What the task requires: Print every line from the start of the data, and when you reach the line with "12v 16A Waterproof", include it and stop. Pictures are not part of the copy.

Stored data entries:
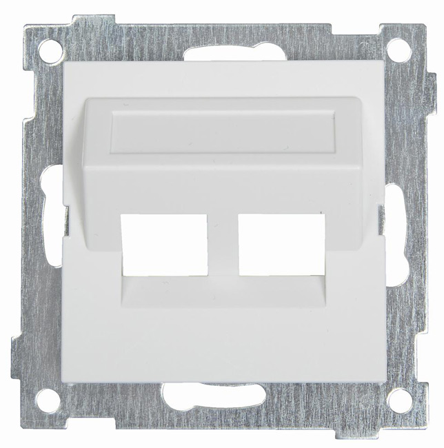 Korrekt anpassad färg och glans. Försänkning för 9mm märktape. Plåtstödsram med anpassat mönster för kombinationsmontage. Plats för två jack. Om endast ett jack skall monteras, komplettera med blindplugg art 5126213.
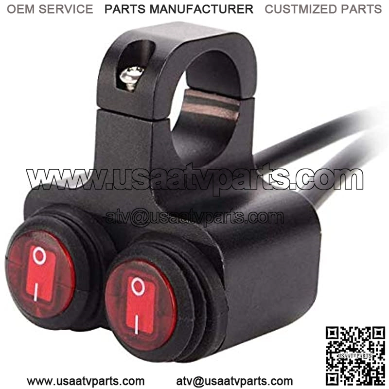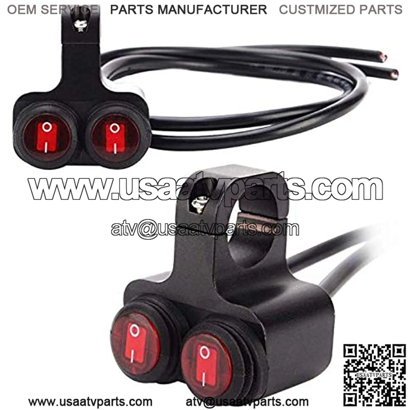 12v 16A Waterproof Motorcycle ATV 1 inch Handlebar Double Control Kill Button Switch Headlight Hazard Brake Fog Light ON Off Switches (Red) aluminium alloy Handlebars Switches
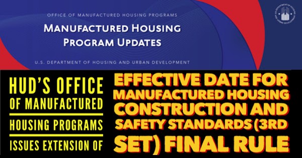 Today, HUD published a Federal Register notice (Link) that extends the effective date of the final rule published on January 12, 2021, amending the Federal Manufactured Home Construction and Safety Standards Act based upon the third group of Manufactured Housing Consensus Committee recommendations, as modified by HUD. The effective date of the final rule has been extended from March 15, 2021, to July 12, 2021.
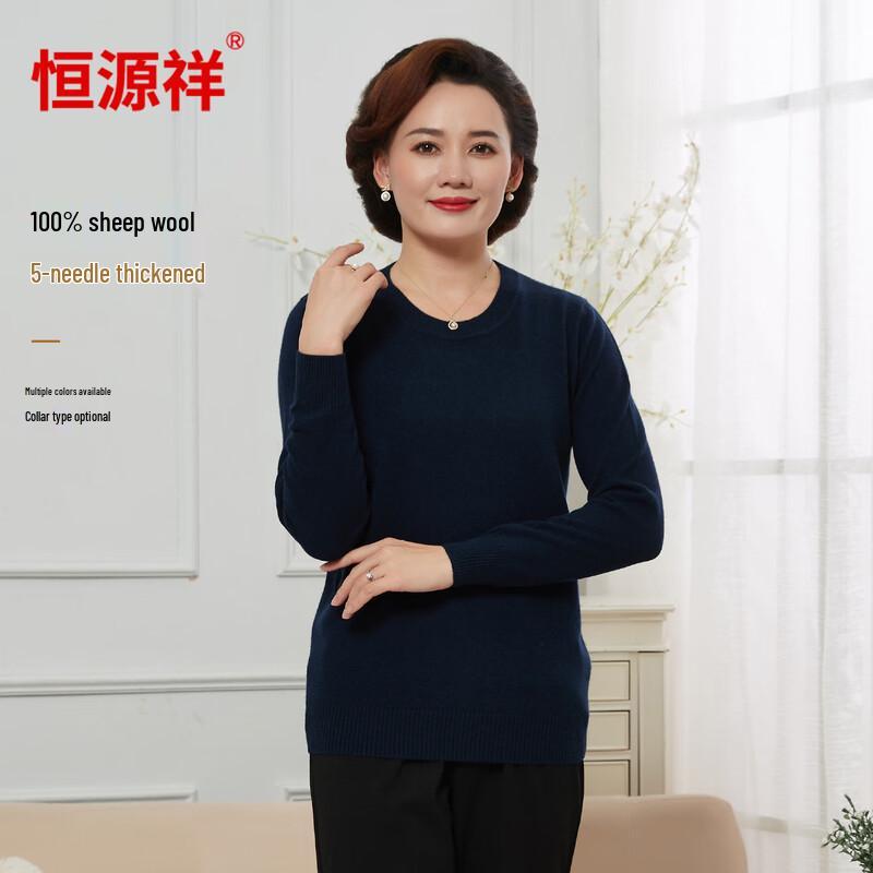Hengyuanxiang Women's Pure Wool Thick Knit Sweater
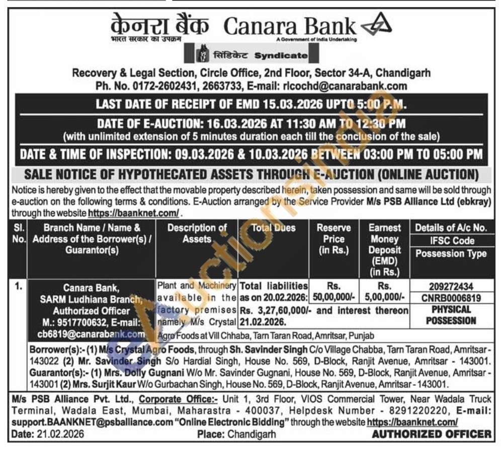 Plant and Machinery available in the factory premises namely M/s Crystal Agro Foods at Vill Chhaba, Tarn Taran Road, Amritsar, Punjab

Output below:
 Korrekt anpassad färg och glans. Försänkning för 9mm märktape. Plåtstödsram med anpassat mönster för kombinationsmontage. Plats för två jack. Om endast ett jack skall monteras, komplettera med blindplugg art 5126213.
 12v 16A Waterproof Motorcycle ATV 1 inch Handlebar Double Control Kill Button Switch Headlight Hazard Brake Fog Light ON Off Switches (Red) aluminium alloy Handlebars Switches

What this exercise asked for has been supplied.